Mommy, you smell like grandma

The other day Elliot surprised me with a hug while I was sorting laundry. He closed his eyes, gave me a tight squeeze and said lovingly, “Mommy, you smell like Cranky hal-mon-ee (grandma in Korean). A couple of years ago, my mother-in-law surprised them with a crane named Cranky for Christmas from Thomas the train collection. Ever since then, that nickname has stayed although it has no ties to her being a cranky person.

They love her, so I took it as a compliment.

How could he have known that his comment would baffle me? I’m pretty sure most people don’t like to be told they smell like an old person. If my mother-in-law were not a tidy person I would have questioned my hygiene habits. However, she is an obsessive cleaner who sanitizes door knobs and toilet flush handles after visitors leave along with other cleaning quirks.

That comment brought memories of my mom’s sweet odor when she cuddled me when I was younger; she smelled warm, sweet, and play dough-y. I thought it was the lotion she used, but years later she smelled the same. Then, there was the odor of my eccentric grandmother who smelled like soy milk, too much powder on her face (it had to be 2 shades lighter than her skin tone), and dried fish (cooking with anchovies and not fond of brushing teeth). It was a funky combination of odors, but I loved its familiarity.
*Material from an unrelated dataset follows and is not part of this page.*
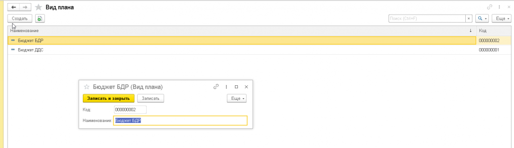 В справочнике Вид плана – задается вид плана бюджета, например, Бюджет ДДС или Бюджет ДДР.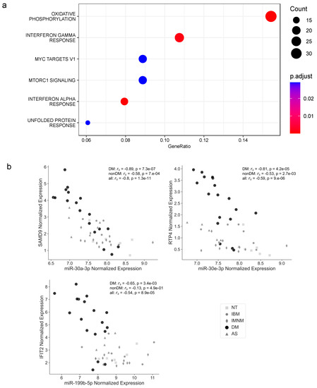 When we repeated this analysis by including only those mRNAs with an inverse correlation with their targeting miRNAs in AS or DM (hypothesizing that these mRNAs could be differentially expressed in these types of IIM due to their negative regulation by the miRNAs) only the enrichment related to cell cycle progression was significant in AS (with an adjusted p-value of 0.0002 for both the G2M checkpoint and E2F targets gene sets). In DM, the most significant enrichments of the differentially expressed targets with a significant inverse correlation with the differentially expressed miRNAs were found for the oxidative phosphorylation (p-adjusted = 1.21 × 10−8) and for the interferon alpha and gamma response-related genes (p-adjusted = 7.55 × 10−5 and p-adjusted = 0.001, respectively) (Figure 3a).

These days I love the smell of my kids when we cuddle or when we’re hanging out on the couch together. I can’t articulate what it actually smells like, but I’ll borrow Elliot’s words to describe it: “makes hearts come out of my eyes.”

An article about the science of smell states that a biological explanation exists as to how a sense of smell allows mothers to recognize their own child’s pheromones from someone else’s. This article explains that babies are familiar with their mother’s pheromones soon after birth; they learned the smell while growing in the womb. Also, when a newborn baby learns to breastfeed, they can find mom’s breast by smelling her pheromones. It’s a natural way of bonding between mother and child.

http://www.inforefuge.com/science-of-smell-mother-infant-bonding

It’s no wonder that mothers love babies’ smell! I assumed the intoxicating smell was from the trace of formula, baby’s soft breath, or scent of shampoo; turns out to be an amazing phenomenon and an unmistakable bond between mother and child.